Fraude. Golpe. Anulación. Firmas. Actas. Elecciones. ¿Cuántas veces habremos oído y leído estas palabras en las últimas semanas? ¿Cuántas variaciones en su origen, actor e, incluso, significado han ido surgiendo desde la boca de urna aquel 06 de junio?
Dos domingos después aún no
tenemos un presidente oficial. Al momento de emitirse los primeros datos
electorales del JNE, la evolución política y, de paso, el clima social han sido
tensos y no han estado exentos de roces en una sociedad resentida por la
pandemia, la crisis económica laboral y las tensiones de un Congreso de
accionar lamentable. Aunque las cifras ya dan un ganador, la perdedora ha
decidido quemar sus últimas naves arrastrando consigo a abogados, medios de
comunicación, personalidades, políticos desgastados y militares retirados. Para
ello, no ha escatimado en buscar recursos de todo calibre, mientras los medios
jugaban un rol desconcertante, los cuales están lejos de contribuir en la
construcción de puentes necesarios para proteger a nuestra endeble democracia.

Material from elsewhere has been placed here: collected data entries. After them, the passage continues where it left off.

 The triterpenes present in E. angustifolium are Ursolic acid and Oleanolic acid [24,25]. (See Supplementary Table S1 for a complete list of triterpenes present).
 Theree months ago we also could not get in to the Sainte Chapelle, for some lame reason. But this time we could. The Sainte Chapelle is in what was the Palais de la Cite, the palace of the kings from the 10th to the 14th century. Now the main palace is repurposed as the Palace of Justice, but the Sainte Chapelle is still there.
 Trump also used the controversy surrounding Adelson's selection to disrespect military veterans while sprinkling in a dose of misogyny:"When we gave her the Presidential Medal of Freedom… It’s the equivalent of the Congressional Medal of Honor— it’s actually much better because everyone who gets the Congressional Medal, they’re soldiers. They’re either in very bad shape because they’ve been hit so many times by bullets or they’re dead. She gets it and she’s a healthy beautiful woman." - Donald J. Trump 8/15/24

Las llamadas a una asonada social, una anulación de este proceso electoral o,
peor aún, un golpe de estado son alarmantes y nos muestran el especial concepto
que se tiene de la democracia, palabra manida hasta el cansancio, pero poco
conocida. Un intento golpista no haría sino acentuar más la crisis no solo a
nivel interno, sino a nivel internacional pues un golpe sería total o
sistemáticamente rechazado. Ahora se debe pensar con cabeza fría con el fin de
poder trabajar en conjunto y ayudar a estabilizar el ambiente político para
tener gobernabilidad y proyectarse en macro soluciones urgentes e inmediatas. Además,
fortalecer al virtual presidente, quien asume el mando de todos los peruanos y
no un partido político que tiene fuertes problemas en el interno con personajes
corruptos y egocéntricos, mal de todas nuestras organizaciones políticas.

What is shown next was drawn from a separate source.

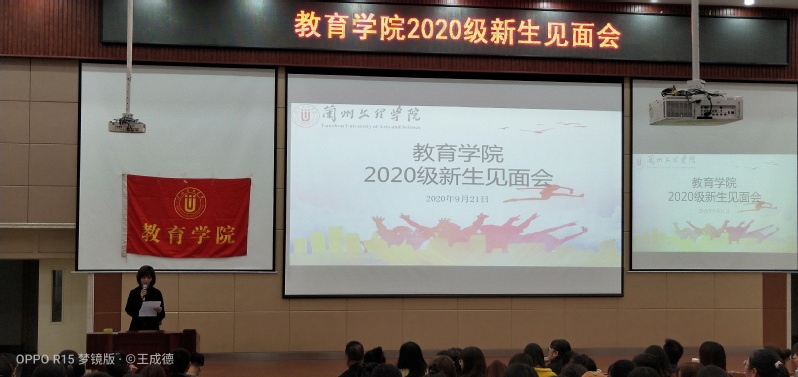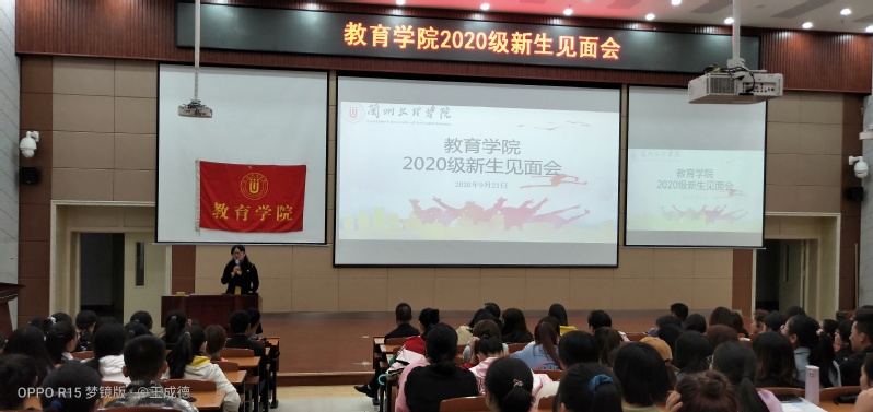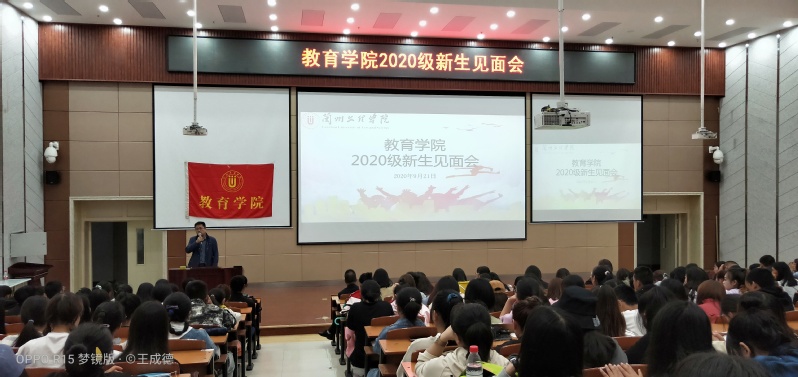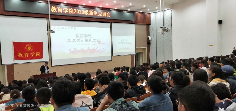 2020年9月21日中午,教育学院在综合楼205阶梯教室举行2020级新生见面会。学院党政领导班子、学工办、辅导员、新生班主任以及2020级数学与应用数学专业、学前教育专业全体新生300余人参加了本次大会。会议由教育学院副院长王成德教授主持。

Se juega en contra de los ciudadanos de a pie, quienes angustiados buscan un trabajo, dinero para alimentos o medicinas para un familiar o de manera personal; esperan su ansiada vacuna; o desean estabilidad para empezar un negocio personal o familiar. Aquí cabe recordar el rol principal que asumen los partidos políticos para el buen gobierno. El periodo del Fujimorato significó la muerte de los partidos tradicionales. Durante esa década, a la cual Iván Degregori denominó “de la antipolítica”, estas entidades fueron heridas “de muerte”; muchas no se recuperaron. Lo que sí hubo fue una nueva forma de concebir estas instituciones: sin ninguna ideología y unidos más para intereses personales o los del líder, además de una suerte de endiosamiento de este. Hay preguntas que quedan en el aire: ¿Cómo sería el fujimorismo sin ningún Fujimori? ¿APP sin ningún Acuña? El APRA atrincherado entorno a AGP, ¿cómo se proyectan con su aún sombra omnisciente para su reinscripción? ¿Se reinscribirá el PPC muerto su patriarca? ¿Son, a la larga pues, partidos políticos?